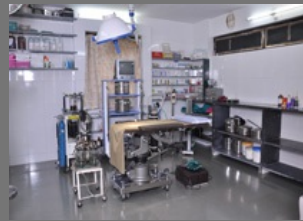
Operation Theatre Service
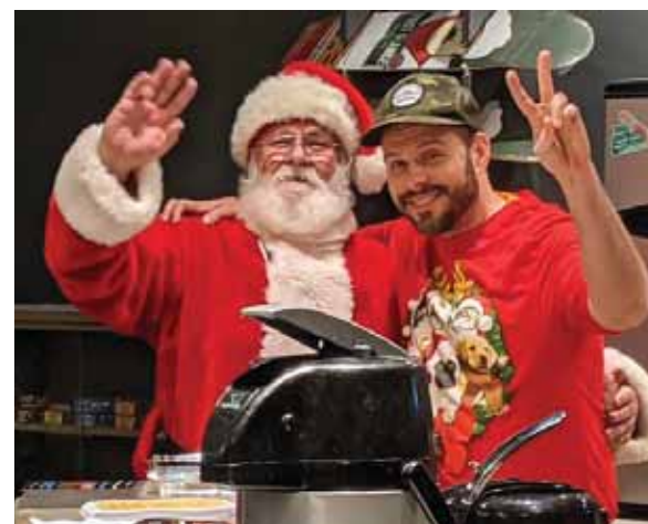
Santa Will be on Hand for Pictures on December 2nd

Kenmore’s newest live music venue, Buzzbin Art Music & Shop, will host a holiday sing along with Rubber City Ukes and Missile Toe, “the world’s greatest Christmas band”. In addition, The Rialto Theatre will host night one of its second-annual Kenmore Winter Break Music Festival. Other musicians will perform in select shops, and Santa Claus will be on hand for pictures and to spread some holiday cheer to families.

§

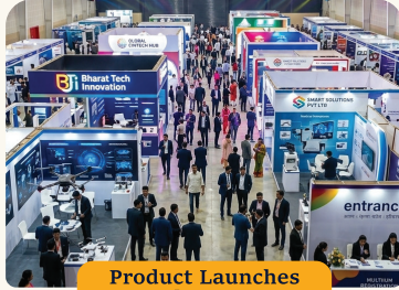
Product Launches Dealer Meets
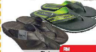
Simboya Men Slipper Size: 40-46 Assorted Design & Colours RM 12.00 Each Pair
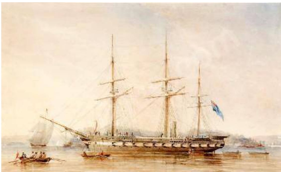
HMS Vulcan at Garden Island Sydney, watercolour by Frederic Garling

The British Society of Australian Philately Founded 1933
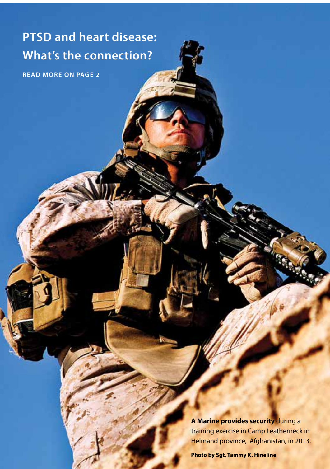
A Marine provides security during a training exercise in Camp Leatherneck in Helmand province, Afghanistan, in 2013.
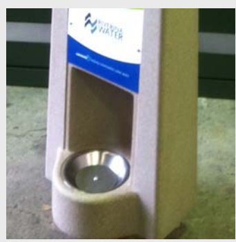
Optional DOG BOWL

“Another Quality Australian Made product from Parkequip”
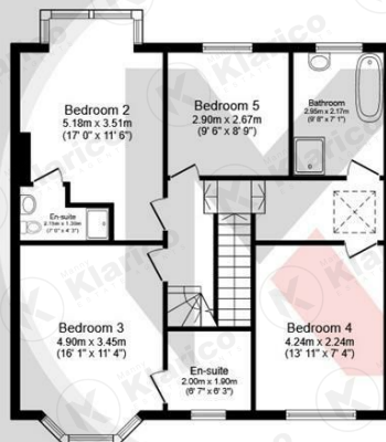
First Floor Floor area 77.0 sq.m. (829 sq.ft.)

§

— WHAT THE TASK ASKS —
Only one stretch of the material above is wanted: the line containing "Optional DOG BOWL" through the line containing "First Floor Floor". Restate it word for word, minus the pictures.

— WRITTEN ANSWER —
Optional DOG BOWL

“Another Quality Australian Made product from Parkequip”
First Floor Floor area 77.0 sq.m. (829 sq.ft.)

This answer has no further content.